Ford leads $11 billion plan for electric vehicle manufacturing
Ford is making a historic investment in electric vehicle manufacturing with an $11.4 billion plan to build a new EV assembly plant and at least three battery factories, employing nearly 11,000 people.
Why it matters: The plan is an all-in bet on the biggest transformation of the auto industry since the dawn of the horseless carriage more than a century ago.
The big picture: Ford says its plan is the company's largest single manufacturing investment in its 118-year history and the first step in creating a sustainable U.S. supply chain for electric vehicles.
- The vision could also seal the legacy of Bill Ford, the 64-year-old great-grandson of Henry Ford.
Details: Ford is planning a 3,600-acre "mega campus" in Stanton, Tennessee, about 50 miles northeast of Memphis.
- The complex, dubbed Blue Oval City, will be "the largest, most advanced, and efficient facility in Ford’s history," the company says.
- It will include a battery plant and related supplier facilities as well as a new vehicle assembly plant, where Ford plans to expand production of electric F-series pickup trucks.
In Kentucky, Ford will build twin battery plants in a new complex called BlueOvalSK Battery Park about 50 miles south of Louisville.
- It is a joint venture with Ford's South Korean battery partner, SK Innovation.
- Production of advanced lithium-ion batteries will begin in 2025, to power future Ford and Lincoln EVs.
Context: Ford had been laying the groundwork for Monday's news in a string of recent EV-related announcements.
- The automaker said last week it will partner with battery recycling company Redwood Materials on a domestic supply chain for electric vehicle batteries that relies on closed-loop recycling.
- Redwood will likely build a recycling and processing facility on the Blue Oval City campus, but those details have yet to be shared.
- Ford also said recently it is investing $250 million in Michigan to boost production of its upcoming F-150 Lightning electric pickup to meet soaring demand.
For the time being, at least, Ford — like other automakers — will have to continue importing battery cells and raw materials from Asia, where most battery production is based.
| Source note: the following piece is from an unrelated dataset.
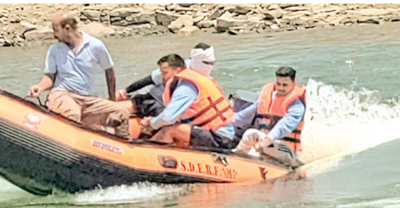
हरिभूमि न्यूज बीना

But eventually, it aims to create a so-called "circular supply chain" in the U.S. through recycling.
- "If there’s anything we've learned from the chip shortage, it's that we need to have a U.S. supply of battery materials," said Lisa Drake, chief operating officer for North America.
What to watch: Blue Oval City will be carbon-neutral, Ford says. The facility will use solar power and technologies that conserve energy and water, as well as processes to capture scrap materials for recycling or processing.
Of note: Ford's rival, General Motors, is also investing heavily in battery manufacturing to support its aggressive rollout of EVs.
- With its partner LG Energy Solutions, GM is building two giant battery factories in Ohio and Tennessee.